Zack shook his head definitively. "Zero chance. If our core encryption algorithms had been systematically breached, this hardware wouldn't be localized to a singular, obscure e-commerce storefront."

"Have we traced the origin of the supply chain yet?" Nick asked, his eyes narrowing as he stared at the cloned interface. Discovering a bootleg hardware pipeline dropping right in the middle of their highest-stakes fiscal sales window was an incredibly suspicious variable. He couldn't help but wonder if a rival enterprise was running a coordinated sabotage campaign behind the scenes.

"Our cyber-intelligence team is currently trying to social-engineer information out of the merchant's digital customer support desk," Giovanni replied, shaking his head.

"Nick, do you want our legal department to issue an immediate emergency takedown notice to the platform hosts to completely scrub the listing?" Zack asked, looking for executive sign-off.

Nick tracked the data for a brief moment before offering a firm nod. "Absolutely. We cannot allow unauthorized hardware clones to cannibalize our primary holiday traffic loops. Have legal fire off a cease-and-desist to the marketplace platform immediately and demand they terminate the vendor account.

Second, launch an immediate internal forensic audit to trace exactly where this software package leaked from.

Third, have our public relations division drop an official corporate advisory across our verified social channels strongly condemning this intellectual property theft.

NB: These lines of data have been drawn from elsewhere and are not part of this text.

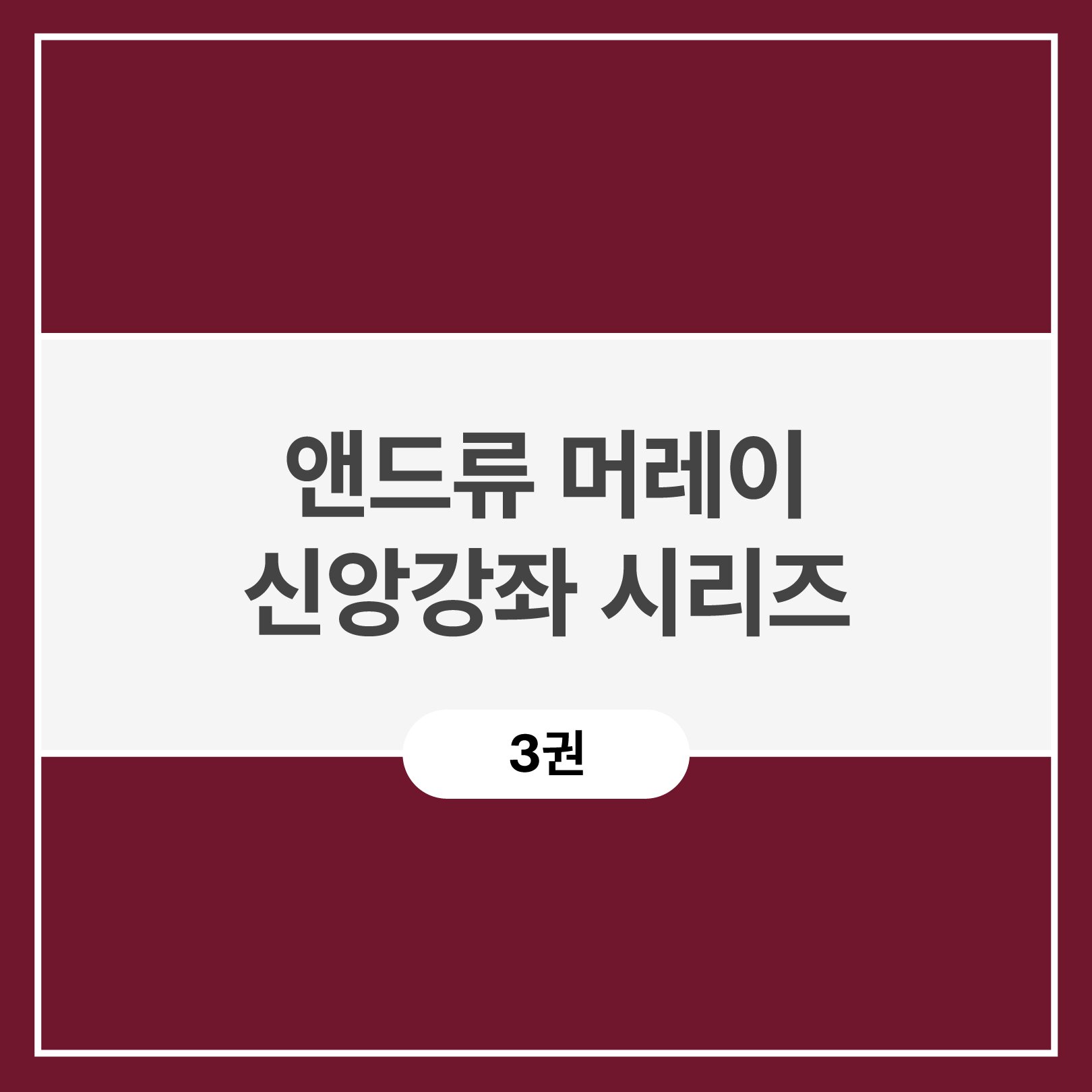 하나님의 종 앤드류 머레이(Andrew Murray, 1828~1917)가 소천한 지 100년이 지났지만, 그의 삶과 글은 여전히 많은 그리스도인의 심장에 불을 지피고 있다. 새롭게 기획하고 개정한 『앤드류 머레이 신앙강좌 시리즈』는 총 9권으로 구성되어 있으며 현재 3권까지 출간되었다.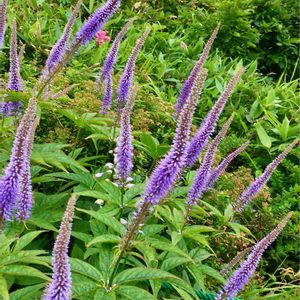 シュッ↗️と伸びた💜の穂先が美しい お花…涼風にたなびいていました。 *クガイソウ*(九蓋草) 数段に輪生する葉を重ねたフタに見立てて ついた花名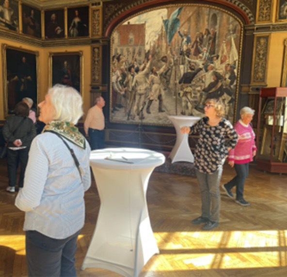 Landstingssalen nästa anhalt. 1709 talade Magnus Stenbock till folket från trappan i Malmö i väntan på danskt anfall. Gustav Cederström målade tavlan 1889 och han målade också den välkända tavlan kung Carl XII:s likfärd. Carina berättade också om några av de danska kungaporträtten som hänger i salen.

We need to issue a clear warning to our consumer base: our authentic intelligent assistants require a secure, multi-factor device registration linked directly to our central cloud network to activate any core service functions.

These bootleg knock-offs are physically incapable of clearing our security protocols or authenticating with our servers. Furthermore, they represent a massive data privacy liability, carry zero warranty protection, and are completely ineligible for customer support. We assume zero corporate liability for any security breaches or hardware failures occurring on cloned devices."